- The Washington Times - Wednesday, August 22, 2001

NEW YORK — His eponymous half-hour program, on a six-week tryout on ABC, drew nearly 11 million viewers, making it rank 13th in households for its recent premiere. (It airs tonight at 8:30 p.m.)
"If you look at a lot of the nonsense that's on TV right now, there's only so many times that you can watch someone eat bug larvae, win a million bucks, get chased by dogs, fall off a waterfall or vote someone off the island," Mr. Brady says. "It's time for something you and your family can look at."
Best known as the guy on ABC's "Whose Line Is It Anyway?" who can make up a song about anything from sinks to tsunamis, Mr. Brady says the new format incorporates what he already is doing but "stepped up a notch."
"The Wayne Brady Show," heralded for attempting to revive a genre that had its heyday decades ago, displays Mr. Brady's many talents.
The 29-year-old sketch comedian with a razor-sharp mind for improvisation is a dead-on impersonator and a talented singer who could make Michael Jackson take notice, especially when he's satirizing the moonwalking pop star.
His antics include a sketch of his West Indian grandmother and of James Brown, portrayed in the pilot as an emergency medical services technician responding to a 911 call.
Although this generation hasn't seen much of the variety-show format as it was in the days of Flip Wilson and Carol Burnett — complete with a host, a supporting troupe, a band, guest appearances and song-and-dance routines —Mr. Brady says the show can succeed.
"If the people enjoy it, then it will be on," says the Emmy nominee. (He's in the running at the Sept. 16 awards show with Steve Martin, Barbra Streisand, David Letterman, Ellen DeGeneres and Will Ferrell for best individual performance in a variety or music program for his work on "Whose Line.")
His influences include other versatile performers: Sammy Davis Jr., Billy Crystal and Robin Williams.
"I think a lot of the people I've gravitated toward are the people that can do more than one thing," he says.
Comparisons to Mr. Wilson, the first successful black host of a TV variety show, elicit a positive response, but Mr. Brady is quick to point out that "we are two completely, utterly different people."

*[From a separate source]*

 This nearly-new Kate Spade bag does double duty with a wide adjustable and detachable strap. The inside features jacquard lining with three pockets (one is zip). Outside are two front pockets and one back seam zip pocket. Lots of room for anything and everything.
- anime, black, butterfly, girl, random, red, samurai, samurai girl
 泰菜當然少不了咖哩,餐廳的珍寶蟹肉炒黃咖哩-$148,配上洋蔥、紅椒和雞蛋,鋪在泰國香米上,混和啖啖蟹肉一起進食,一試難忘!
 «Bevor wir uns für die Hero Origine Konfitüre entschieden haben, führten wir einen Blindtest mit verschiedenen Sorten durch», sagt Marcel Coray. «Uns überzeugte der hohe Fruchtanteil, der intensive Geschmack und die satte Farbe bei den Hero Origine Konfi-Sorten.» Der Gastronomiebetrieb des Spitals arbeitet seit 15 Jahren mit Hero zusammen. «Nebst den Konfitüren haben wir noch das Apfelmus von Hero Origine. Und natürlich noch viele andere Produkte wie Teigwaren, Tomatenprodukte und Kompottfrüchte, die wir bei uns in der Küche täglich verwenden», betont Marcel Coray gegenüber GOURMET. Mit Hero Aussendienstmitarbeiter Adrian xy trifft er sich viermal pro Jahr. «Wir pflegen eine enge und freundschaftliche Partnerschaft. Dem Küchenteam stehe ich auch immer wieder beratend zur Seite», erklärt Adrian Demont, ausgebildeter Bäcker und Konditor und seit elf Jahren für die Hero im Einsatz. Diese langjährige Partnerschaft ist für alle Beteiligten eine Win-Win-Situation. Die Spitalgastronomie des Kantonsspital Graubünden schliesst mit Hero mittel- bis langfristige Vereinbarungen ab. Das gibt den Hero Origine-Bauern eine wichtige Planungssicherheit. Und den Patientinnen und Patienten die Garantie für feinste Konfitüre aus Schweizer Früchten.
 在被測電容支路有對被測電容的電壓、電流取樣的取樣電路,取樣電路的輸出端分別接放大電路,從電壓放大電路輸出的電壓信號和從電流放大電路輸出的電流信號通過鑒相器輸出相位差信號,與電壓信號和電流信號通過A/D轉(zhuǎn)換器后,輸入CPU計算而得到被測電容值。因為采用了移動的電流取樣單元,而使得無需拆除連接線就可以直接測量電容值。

Racial identity, for instance, seems less of an issue for Mr. Brady, even at a time when the National Association for the Advancement of Colored People is threatening a boycott over what it sees as a lack of diversity in network programming.
"I'm the only person doing a variety show like that; that's why it sticks out," Mr. Brady says. "I don't think color is relevant."

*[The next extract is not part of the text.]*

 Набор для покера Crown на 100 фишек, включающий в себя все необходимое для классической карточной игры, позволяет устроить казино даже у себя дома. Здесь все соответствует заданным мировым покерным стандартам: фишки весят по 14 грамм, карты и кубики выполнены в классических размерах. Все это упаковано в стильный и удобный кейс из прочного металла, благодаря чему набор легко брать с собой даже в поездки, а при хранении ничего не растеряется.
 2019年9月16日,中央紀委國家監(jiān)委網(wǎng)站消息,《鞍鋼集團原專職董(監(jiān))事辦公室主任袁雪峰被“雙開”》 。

One similarity between the comedians, though, is the belief that you can be positive and still be funny, Mr. Brady says. It's a Wilson trademark he takes on as his own.

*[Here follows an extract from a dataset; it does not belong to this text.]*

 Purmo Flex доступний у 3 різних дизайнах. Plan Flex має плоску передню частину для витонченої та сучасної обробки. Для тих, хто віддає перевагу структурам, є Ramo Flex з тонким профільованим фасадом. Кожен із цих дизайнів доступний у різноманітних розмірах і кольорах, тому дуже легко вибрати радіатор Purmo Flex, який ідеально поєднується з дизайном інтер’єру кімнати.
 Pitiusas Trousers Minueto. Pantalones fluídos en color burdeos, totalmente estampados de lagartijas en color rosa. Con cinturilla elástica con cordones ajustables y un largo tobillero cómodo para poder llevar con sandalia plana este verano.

Mr. Brady, a native of Orlando, Fla., must wait until Sept. 7 to find out whether his show will be renewed.
He continues to tour the country doing improvisation and also is co-producing a play titled "The Only Game in Town" with his wife, Mandie. It opens in November.
Admittedly, he has come a long way from the days when macaroni and cheese dinners were staples in the L.A. apartment he and Mandie shared when they arrived in 1996.
Now the actor boasts that he even can afford to add sausage and hamburger to his macaroni.
"I'm just ecstatic that people embraced [the show] as they have," Mr. Brady says. "It's such an incredible feeling to know that people like your work."